Why Don’t People Use Yiddish Curses Properly, in English?
As often happens when a popular Yiddish-related article is making the rounds, I received multiple Facebook messages asking what I thought of Gersh Kuntzman’s article in the New York Daily News declaring “farkakt” the best word to describe 2016.
I wasn’t impressed.
Kuntzman’s article is a pretty typical example of what I, for lack of a better term, call “fake Yiddish parody” articles. They typically look something like this: a Jewish writer who does not speak Yiddish or have any particular insight into Yiddish culture picks a few Yiddish words that sound funny to him, uses them (mostly incorrectly) in otherwise English sentences in an article nominally tied to current events that has no actual purpose other than to poke fun at the language of his ancestors.
It’s a tired genre that as far as I know is unique to American Jews. (After all when have you ever seen a Latino or a Chinese-American writer making fun of the language of his forebears? Someone should write a PhD on the particular cultural circumstances and psychological quirks that lead American Jews to repeatedly write these articles. But I digress).
Besides the completely incorrect definitions of “farkakt” that reflect American English rather than Yiddish usage and perhaps merely the author’s imagination (why is it that writers citing Yiddish words so rarely chose to consult Yiddish dictionaries?!) Kuntzman’s piece completely misses everything that is actually interesting about Yiddish curses. Although his article does correctly use some Yiddish obscenities whose English equivalents could not appear in a newspaper, it does not contain any of the more sociologically interesting Yiddish curses that make them worthy of comment in the first place.
While traditional curses—inverted blessings wishing that something bad should befall the curser’s victim—largely fell out of use in English at some point after Shakespeare’s death and before Hemingway’s birth, they remained widespread in Yiddish well into the 20th century. When I studied Yiddish in Vilnius, Lithuania, for instance, I took a tour of the city with Fania Branstovsky, a graduate of the city’s prewar, secular Yiddish school system.
Fania told us that when she was in fourth or fifth grade her class was sent to a fish market to collect the elaborate curses that the women fishmongers used to yell at each other. Among them were such particularly vile gems as “may an umbrella open in your belly.”

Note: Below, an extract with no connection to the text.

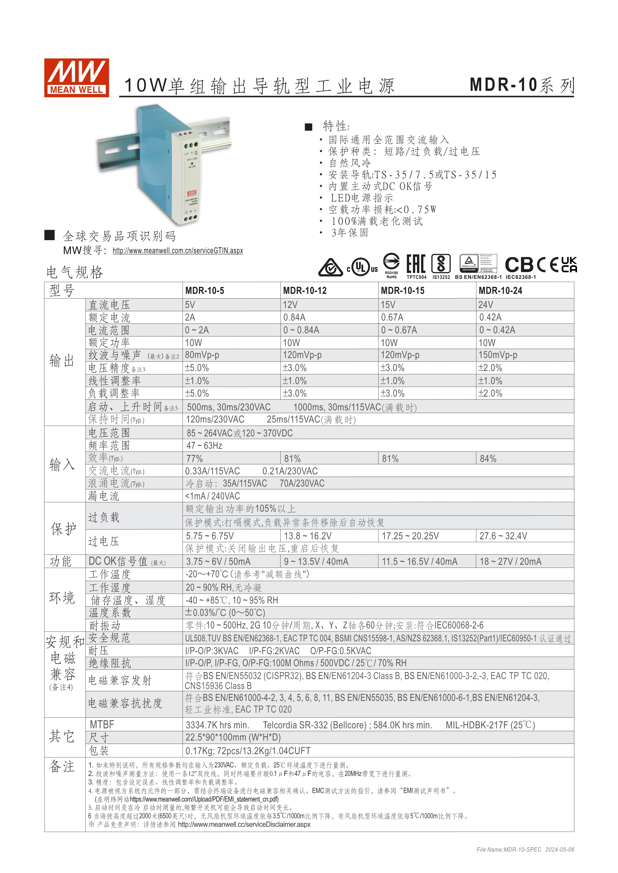 超薄型塑料機殼 單相,全范圍輸入 空載待機消耗瓦數(shù)<0.75W~1W 適合安裝于DIN rail TS-35 / 7.5 或 15 內(nèi)建主動式功率因子矯正功能(active PFC) DC OK訊號輸出(MDR-10/20) DC OK繼電器接點(relay contact)信號輸出(MDR-40/60/100) 適用于Class I, Div 2 T4危險區(qū)域(MDR-40/60)

Although it may seem strange or quixotic to send children on field trips to learn curses it was actually a serious exercise in collecting folklore. Among many things, Yiddish curses reveal not only how Jews lived but also their knowledge of biblical legends, what type of illnesses they feared, what forms of social relations they felt were taboo and how tragedies were both understood and mocked.

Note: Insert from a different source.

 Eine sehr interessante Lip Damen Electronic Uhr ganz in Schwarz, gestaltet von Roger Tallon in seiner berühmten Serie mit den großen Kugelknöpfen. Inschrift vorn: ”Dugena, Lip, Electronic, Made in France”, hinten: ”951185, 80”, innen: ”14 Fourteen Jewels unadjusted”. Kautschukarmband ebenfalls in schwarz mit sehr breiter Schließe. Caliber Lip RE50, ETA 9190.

There are books and even formal academic studies documenting thousands of such Yiddish curses and their evolution. Such maledictions run the gamut from cute and facetious to downright vicious and obscene. Here are some great ones that aren’t too dirty, lewd or disturbing to be published.
1) May your bones be broken as often as the ten commandments.
2) May you either have to use the toilet every three minutes or every three months.
3) May I have the pleasure of sowing your funeral shroud.
4) May your son vomit out his mother’s milk.
5) May all your teeth fall out but one and may that one give you a toothache.
6) God should help you like cupping helps the dead.
7) May you be as healthy and tough as iron, so much so that you can’t bend over.
8) May your enemies sprain their ankles dancing on your grave.
9) May the only thing blessed about you be your troubles.
10) May you have the joys of Job and the successes of Pharaoh.
Despite my criticisms, Gersh Kuntzman’s article did provide one great service to me: it led me to the realization that the tragic events of 2016 were in many ways like a series of particularly twisted Yiddish curses. For starters, there are actually dozens of Yiddish curses wishing “bad years” upon their victims. Among them are “may an evil year befall you,” “may your year be covered in darkness” and “may your year be like a dark pit.”